Overview of my research project: My work seeks to use a technique from machine learning (ML) called ensemble learning to outperform state-of-the-art DL models in the task of splice site prediction. In particular, I ensemble a group of artificial neural networks (ANNs). The contribution of EnsembleSplice to science can be thought of as “an example of a method from ML/DL that has not been used for splice site prediction that outperforms some existing DL methods for splice site prediction”. This is a very small contribution and, as such, I consider it to fall into the following class of contributions: “an example of a scientific problem humanity applied ML/DL to in the early 21st century”.

Overview of this post: In the remaining sections, I look at the state of my paper as of 25 March 2022. Much of the writing from this version remained unchanged since the end of the 2021 summer. After going through the paper, I comment on and analyze the content of each section in depth. I then include the version of the paper that I submitted for review. Finally, I include the accepted version of the paper, should it be accepted at some point.

Back to top


Present State

My current progress on EnsembleSplice.

Abstract

The abstract of the paper; an overview of the topic and my contribution.

Motivation: Identifying splice site (SS) regions is an important step in the genomic DNA sequencing pipelines of both biomedical and pharmaceutical research. Within this research purview, efficient and accurate SS detection is highly desirable, and a variety of computational models have been developed towards this end. In particular, neural network (NN) architectures have recently been shown to outperform classical machine learning (ML) approaches for the task of SS prediction. Despite these advances, there is still considerable potential for improvement, especially in terms of model accuracy and inter-species generalizability.
Results: We contribute EnsembleSplice for the problem of splice site prediction. EnsembleSplice’s ensemble learning framework consists of dense and convolutional neural networks, that, when ensembled, outperform existing state-of-the-art SS detection architectures. When evaluated on genomic DNA datasets for Homo sapiens and Arabidopsis thaliana, EnsembleSplice attained average accuracies of 96.02% for donor SS and 94.59% for acceptor SS.
Availability: Code is made available for reproducibility purposes at [GitHub repository].
Contact: [advisor’s email address]

Back to top

Introduction

The introduction - an overview of the biology of splice sites.

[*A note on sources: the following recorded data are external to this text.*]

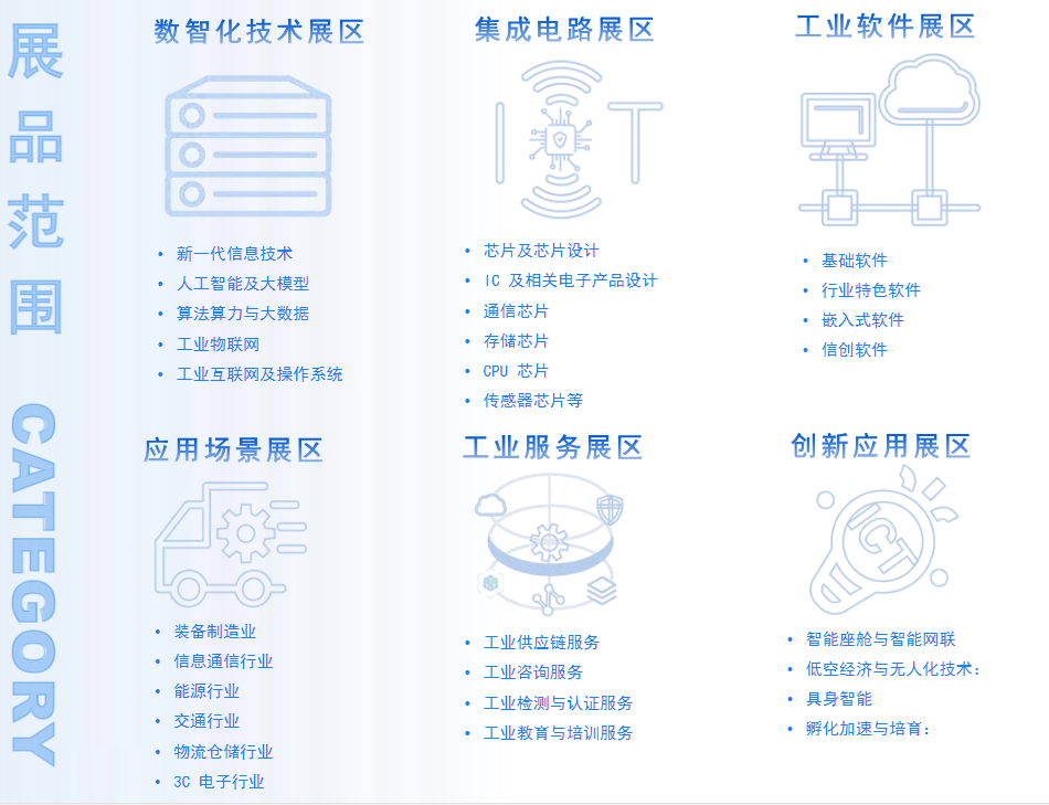 这些展品范围展示了新一代信息技术与应用展览会的全面性和前沿性,涵盖了从基础技术到应用场景的多个方面,旨在促进技术创新和产业升级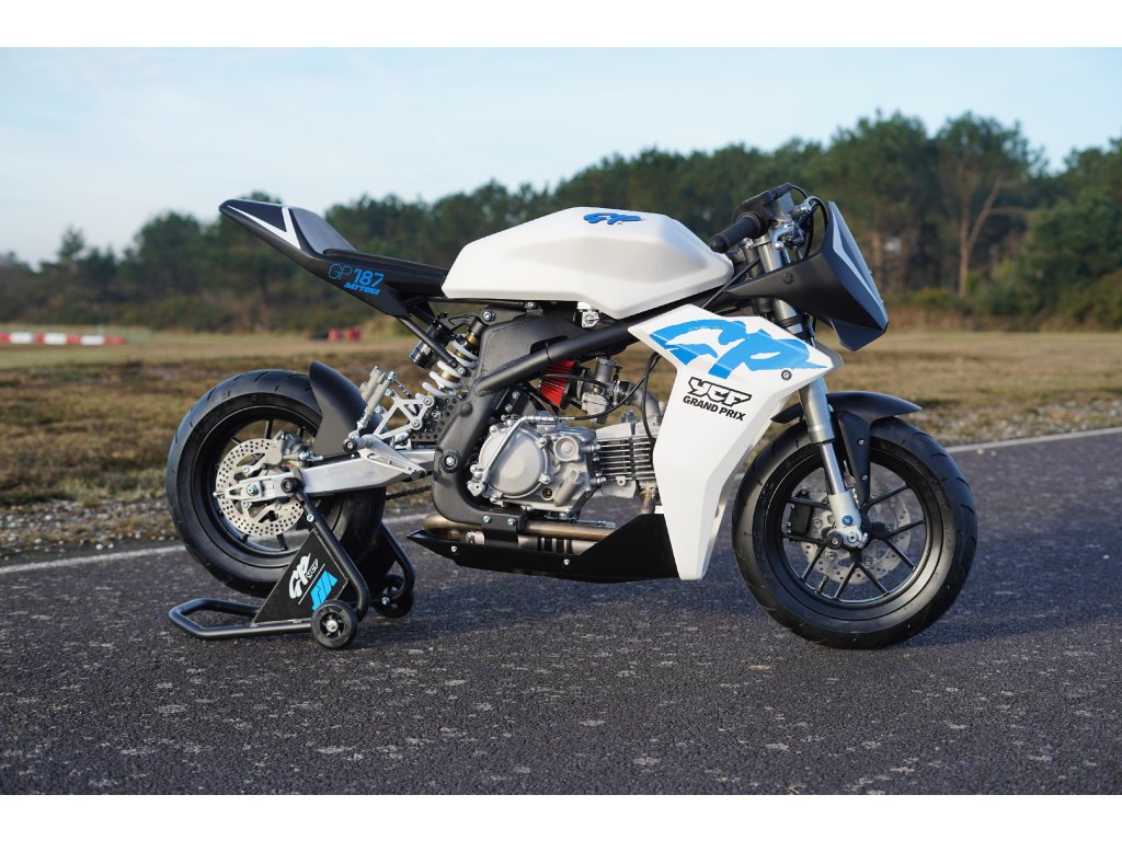 Toto je absolútny vrchol ponuky YCF a splnený sen každého okruhového jazdca. Model GP 187 nie je bežný pitbike, ale nekompromisný MiniGP závodný špeciál. Revolučný hliníkový rám, kyvná vidlica a pomocný rám zaisťujú extrémne nízku hmotnosť a tuhosť. Srdcom stroja je brutálny 4-ventilový motor Daytona Anima 190cc. Vďaka výfuku umiestnenému pod motorom má motorka nízke ťažisko a na 12-palcových kolesách s pneumatikami PMT sedí v zákrutách ako prilepená.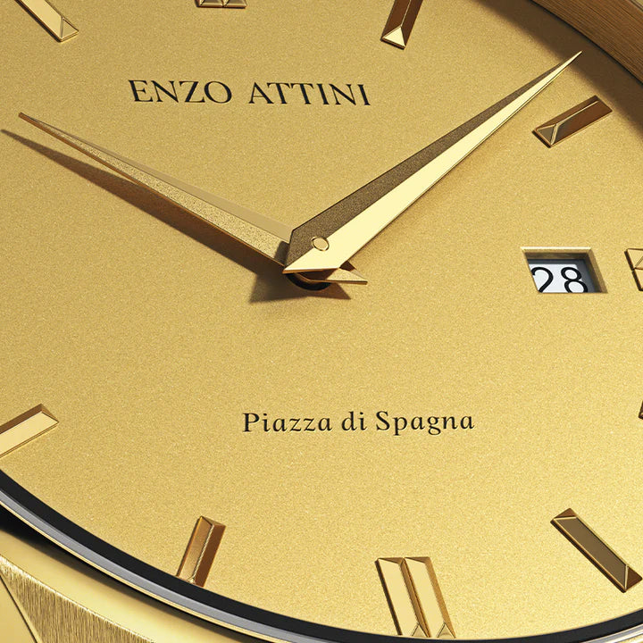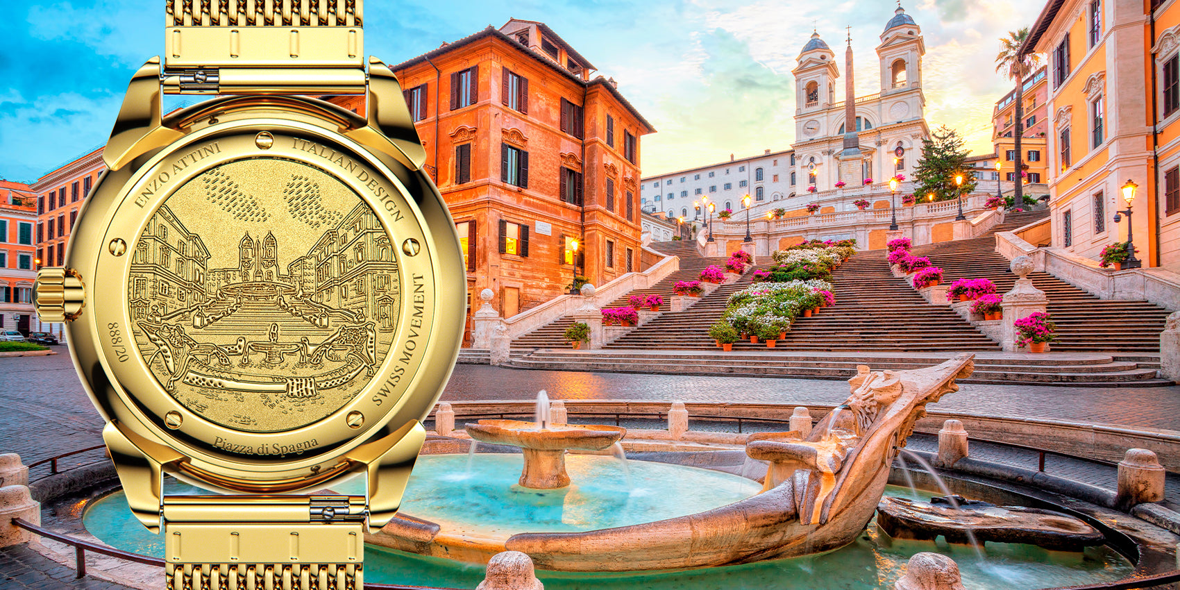 Me këtë orë, Enzo Attini përfaqëson traditën e mrekullueshme të dizajnit italian dhe trashëgimisë kulturore. Esenca e secilit dizajn dhe gdhendja e saj artizanale në kasën e pasme, janë të frymëzuara nga historia, arti dhe trashëgimia kulturore italiane, si dhe nga vendet mahnitëse që shërbejnë si destinacionet më të mrekullueshme në Itali.

Organismal genomes are studied primarily through genome annotation, which involves classifying genomic elements based on their function or location . This annotation is typically performed at the nucleotide-level to determine the locations of key genetic elements in DNA sequences, at the protein-level to evaluate proteomic function, or at the process-level to study the mechanisms underlying gene interaction.
  Genes responsible for protein coding are composed of alternating nucleotide regions called introns, which are the non-protein coding regions, and exons, which are the protein coding regions. During DNA transcription in eukaryotic cells, introns are cut out by spliceosomes and exons are combined together; this general process is called RNA splicing, and is critical for the creation of mature mRNA from pre-mRNA and for protein synthesis . The dinucleotides AG and GT are often present in the $3’$ intron boundary, or donor splice site (DoSS) region, and the $5’$ intron boundary, or acceptor splice site (AcSS) region, respectively, and are biological markers involved in RNA splicing (see Figure ). Nucleotide-level annotation was designed to accurately detect the location of these splice sites, which can be used to identify genes in eukaryotic genomes; a variety of other computational approaches have also been developed for this purpose.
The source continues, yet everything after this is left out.